§ **Aim of the exercise**
Write out exactly the lines below that run from the one containing "Architectural case in" through the one containing "Livder Lot de", both included, with no other lines.

** Opening Data block block **

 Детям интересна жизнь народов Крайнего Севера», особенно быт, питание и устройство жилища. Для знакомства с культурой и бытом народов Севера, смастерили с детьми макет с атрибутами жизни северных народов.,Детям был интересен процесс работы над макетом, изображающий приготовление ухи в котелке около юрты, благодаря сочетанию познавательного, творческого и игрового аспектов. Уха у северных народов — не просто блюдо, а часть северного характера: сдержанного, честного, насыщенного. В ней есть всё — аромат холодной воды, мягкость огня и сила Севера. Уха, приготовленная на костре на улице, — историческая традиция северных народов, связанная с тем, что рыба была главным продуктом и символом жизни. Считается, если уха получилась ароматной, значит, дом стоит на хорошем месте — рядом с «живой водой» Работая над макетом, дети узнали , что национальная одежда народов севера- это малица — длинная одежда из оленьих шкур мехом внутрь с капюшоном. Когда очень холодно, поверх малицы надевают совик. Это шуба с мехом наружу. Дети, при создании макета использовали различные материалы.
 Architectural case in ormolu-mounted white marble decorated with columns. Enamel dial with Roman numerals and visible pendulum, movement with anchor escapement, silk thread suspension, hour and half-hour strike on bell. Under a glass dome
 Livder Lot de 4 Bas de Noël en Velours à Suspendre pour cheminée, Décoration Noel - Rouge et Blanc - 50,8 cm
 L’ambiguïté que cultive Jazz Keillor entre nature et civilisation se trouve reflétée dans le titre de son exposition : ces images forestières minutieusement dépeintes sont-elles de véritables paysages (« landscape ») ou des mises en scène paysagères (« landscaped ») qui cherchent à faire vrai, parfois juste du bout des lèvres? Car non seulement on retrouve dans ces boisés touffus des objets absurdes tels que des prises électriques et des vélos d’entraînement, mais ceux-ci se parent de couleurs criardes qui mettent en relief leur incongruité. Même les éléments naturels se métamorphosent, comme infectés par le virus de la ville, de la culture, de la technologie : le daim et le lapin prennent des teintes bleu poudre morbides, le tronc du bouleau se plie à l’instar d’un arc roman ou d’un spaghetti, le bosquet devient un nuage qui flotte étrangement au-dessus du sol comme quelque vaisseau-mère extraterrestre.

** Closing Data block block **

§ **Solution**
 Architectural case in ormolu-mounted white marble decorated with columns. Enamel dial with Roman numerals and visible pendulum, movement with anchor escapement, silk thread suspension, hour and half-hour strike on bell. Under a glass dome
 Livder Lot de 4 Bas de Noël en Velours à Suspendre pour cheminée, Décoration Noel - Rouge et Blanc - 50,8 cm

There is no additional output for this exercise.